-- Opening Marker --
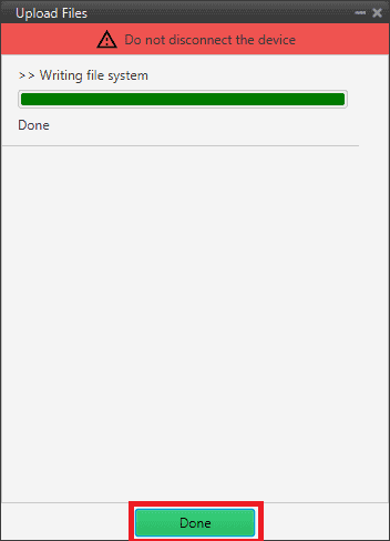 This tab will flash the device. That is, the connected device is reset and the files previously loaded into memory (in the slots) will be uploaded to the connected device.
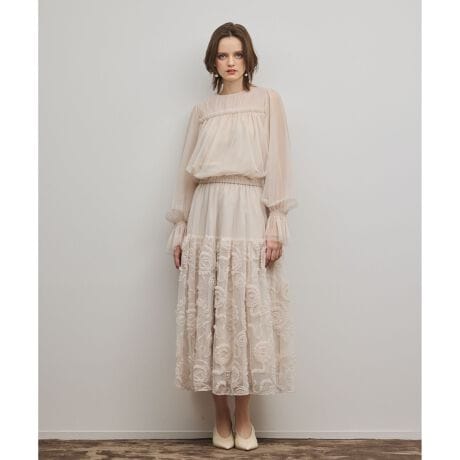 [型番:0326121349]チュールに刺繍、プリーツ加工を施したスカート。プリーツ加工でふんわりとボリューム感を出し、刺繍で華やかさをプラス。同シリーズでおつくりしたチュールタイブラウス【品番:0326141349】のご用意もございます。※こちらのモデル着用画像はサンプル品を撮影しております。実際の商品と仕様、加工、サイズが若干異なる場合がございます。予めご了承くださいませ。
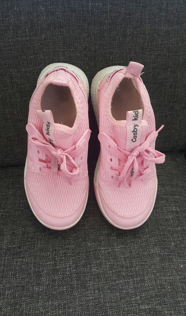 Pembe renkte, bağcıklı kız çocuk sneakers. Kauçuk malzemeden, pastel tonlarda, günlük rahat sokak stili için uygun.
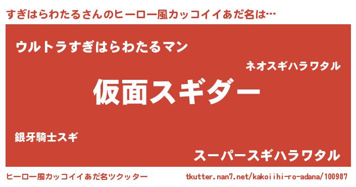 | 胡散臭い通販商品みたいなあだ名 | 『あなたにだけ特別に提供する世界で10本だけ現存している希少なブランデー…その名も「すぎはらわたる」』 |
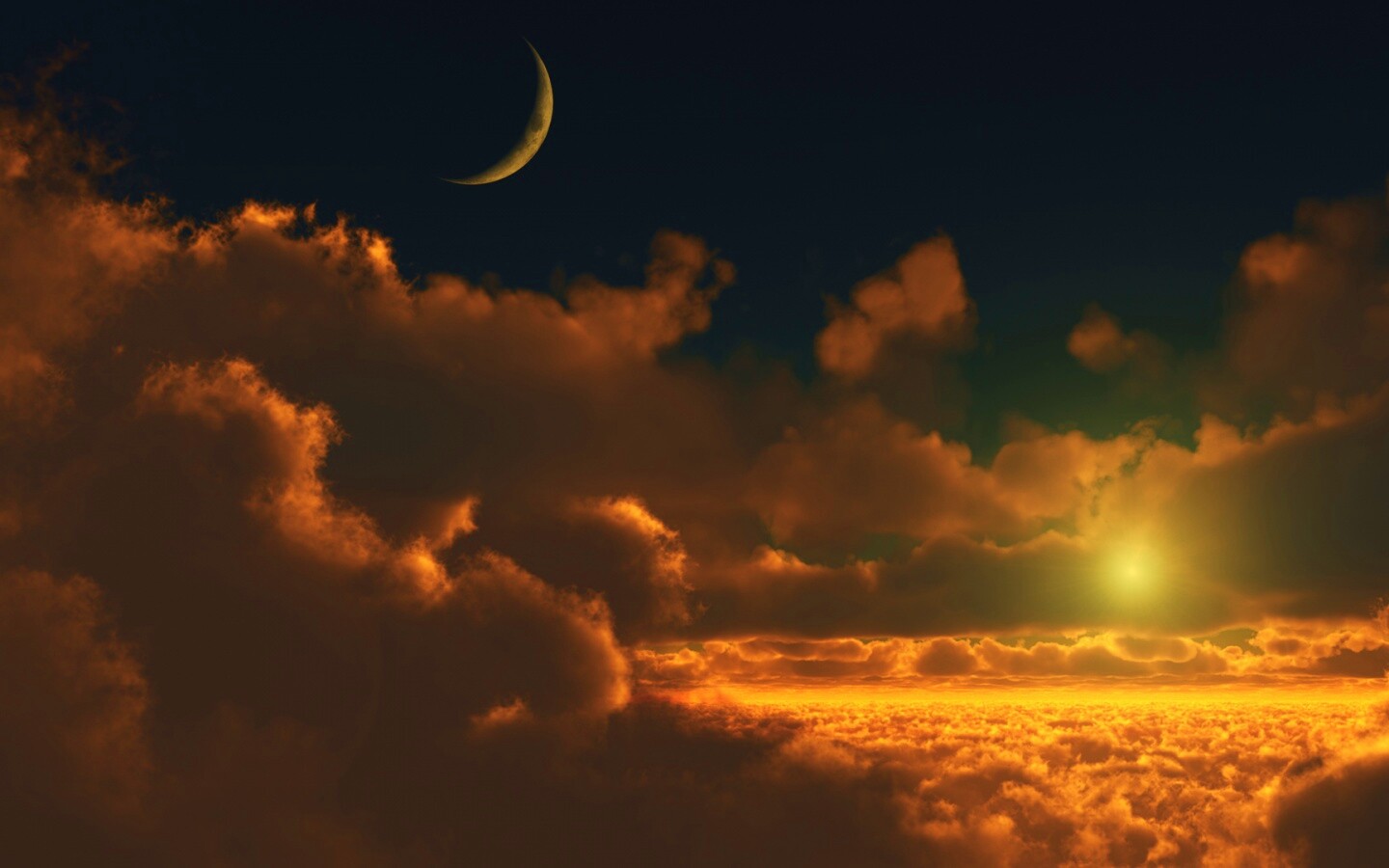 «Закат и месяц над облаками»
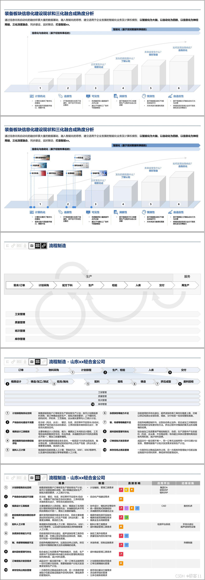 从调研访谈结果来看,企业在生产过程中存在诸多痛点,如计划排程优化空间大、自动化产线建设不完整、模具设计工具瓶颈、质量检测手段不足等。针对这些痛点,规划提出了相应的解决方案,如引入高级计划排程模块、推进自动化产线建设、开发协作设计平台、升级质量检测设备等。
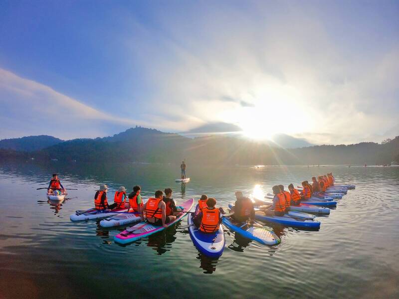 日月潭立式划槳(SUP)體驗。(劉宗泉提供)
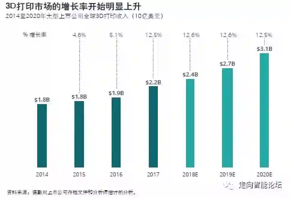 2019年大型上市公司的3D打印相关销售额将超过27亿美元,至2020年更将高达30亿美元。 该部分的 3D 打印行业将在未来两年每年增长约12.5%, 增长率是几年前的两倍多。
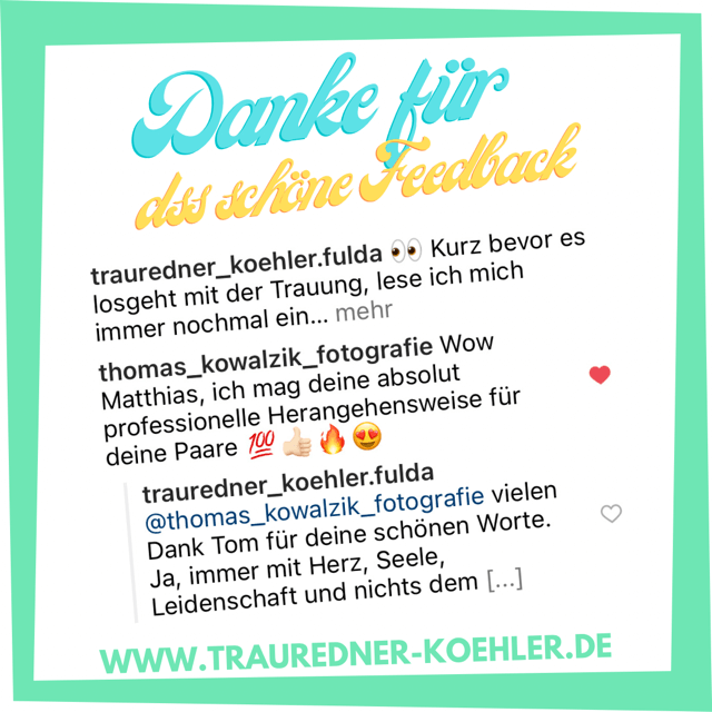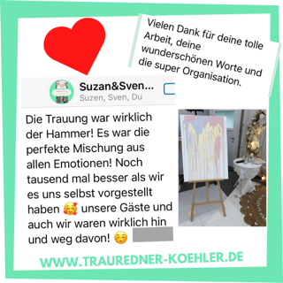 Zum Lesen der Stimmen bitte einfach DIREKT AUF DIE FOTOS KLICKEN! Hier ein kleiner Auszug verschiedener Brautpaar-Stimmen und Kollegen:innen-Stimmen.
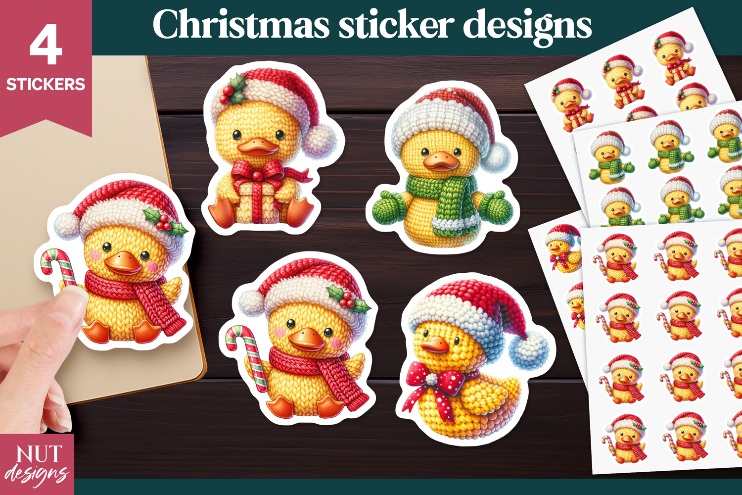 Adorable knitted Christmas duck stickers with cozy textures, Santa hats, and festive scarves. Perfect for planners, cards, and crafts. Add warmth and cheer to your holiday projects with these cute printable festive duck sticker designs.
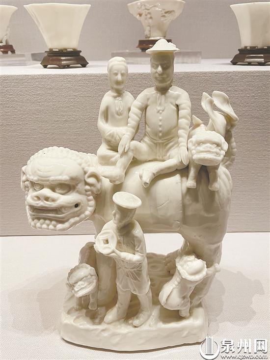 清康熙年间德化窑白釉雕像,为三名欧洲人、一只大狮和三只幼狮。1702年,东印度商船达什伍德号从厦门抵达英国,船上的货品记录可与此类器物相对应,名为“人骑狮”。
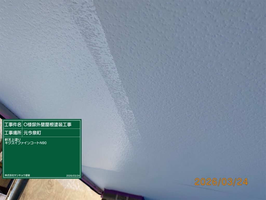 現場親方ブログ2026.03.242階外壁下塗り・軒天・雨樋上塗り 宇都宮市元今泉O様邸2026.3.24こんにちは現場担当の野中です。今日は宇都宮市元今泉O様邸で軒天や雨樋の上塗り、2階外壁の下塗り、コロニアル屋根の縁切りタスペーサーを取付けたりサイディングの上下の隙間を専用のコーキング材で埋めたりしました。無料お見積はこちら
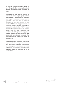 Chapter 17 - The Past Shaping the Present - A History of Hydroponics:Chapter dives into the complete history of hydroponics from the ancient world to the current state of play. In-depth and well researched, the entire evolution of hydroponics is documented and commented on. It is broken down into three sections; the past, the present, and the future. This chapter represents an historical education and gives a prediction on the role hydroponics will have to play in the future of humanity. |
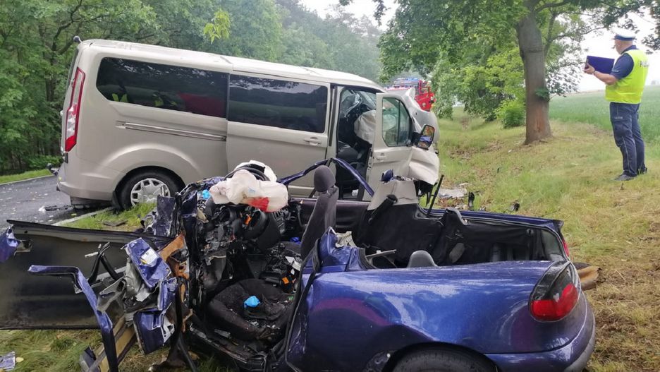 Koszmarny wypadek koło Śremu. Tyle zostało w opla tigry
-- Closing Marker --
*EXERCISE GOAL*
Transcribe all of the entries word for word, but skip any pictures they contain.

*SOLUTION TO THIS TASK*
 This tab will flash the device. That is, the connected device is reset and the files previously loaded into memory (in the slots) will be uploaded to the connected device.
 [型番:0326121349]チュールに刺繍、プリーツ加工を施したスカート。プリーツ加工でふんわりとボリューム感を出し、刺繍で華やかさをプラス。同シリーズでおつくりしたチュールタイブラウス【品番:0326141349】のご用意もございます。※こちらのモデル着用画像はサンプル品を撮影しております。実際の商品と仕様、加工、サイズが若干異なる場合がございます。予めご了承くださいませ。
 Pembe renkte, bağcıklı kız çocuk sneakers. Kauçuk malzemeden, pastel tonlarda, günlük rahat sokak stili için uygun.
 | 胡散臭い通販商品みたいなあだ名 | 『あなたにだけ特別に提供する世界で10本だけ現存している希少なブランデー…その名も「すぎはらわたる」』 |
 «Закат и месяц над облаками»
 从调研访谈结果来看,企业在生产过程中存在诸多痛点,如计划排程优化空间大、自动化产线建设不完整、模具设计工具瓶颈、质量检测手段不足等。针对这些痛点,规划提出了相应的解决方案,如引入高级计划排程模块、推进自动化产线建设、开发协作设计平台、升级质量检测设备等。
 日月潭立式划槳(SUP)體驗。(劉宗泉提供)
 2019年大型上市公司的3D打印相关销售额将超过27亿美元,至2020年更将高达30亿美元。 该部分的 3D 打印行业将在未来两年每年增长约12.5%, 增长率是几年前的两倍多。
 Zum Lesen der Stimmen bitte einfach DIREKT AUF DIE FOTOS KLICKEN! Hier ein kleiner Auszug verschiedener Brautpaar-Stimmen und Kollegen:innen-Stimmen.
 Adorable knitted Christmas duck stickers with cozy textures, Santa hats, and festive scarves. Perfect for planners, cards, and crafts. Add warmth and cheer to your holiday projects with these cute printable festive duck sticker designs.
 清康熙年间德化窑白釉雕像,为三名欧洲人、一只大狮和三只幼狮。1702年,东印度商船达什伍德号从厦门抵达英国,船上的货品记录可与此类器物相对应,名为“人骑狮”。
 現場親方ブログ2026.03.242階外壁下塗り・軒天・雨樋上塗り 宇都宮市元今泉O様邸2026.3.24こんにちは現場担当の野中です。今日は宇都宮市元今泉O様邸で軒天や雨樋の上塗り、2階外壁の下塗り、コロニアル屋根の縁切りタスペーサーを取付けたりサイディングの上下の隙間を専用のコーキング材で埋めたりしました。無料お見積はこちら
 Chapter 17 - The Past Shaping the Present - A History of Hydroponics:Chapter dives into the complete history of hydroponics from the ancient world to the current state of play. In-depth and well researched, the entire evolution of hydroponics is documented and commented on. It is broken down into three sections; the past, the present, and the future. This chapter represents an historical education and gives a prediction on the role hydroponics will have to play in the future of humanity. |
 Koszmarny wypadek koło Śremu. Tyle zostało w opla tigry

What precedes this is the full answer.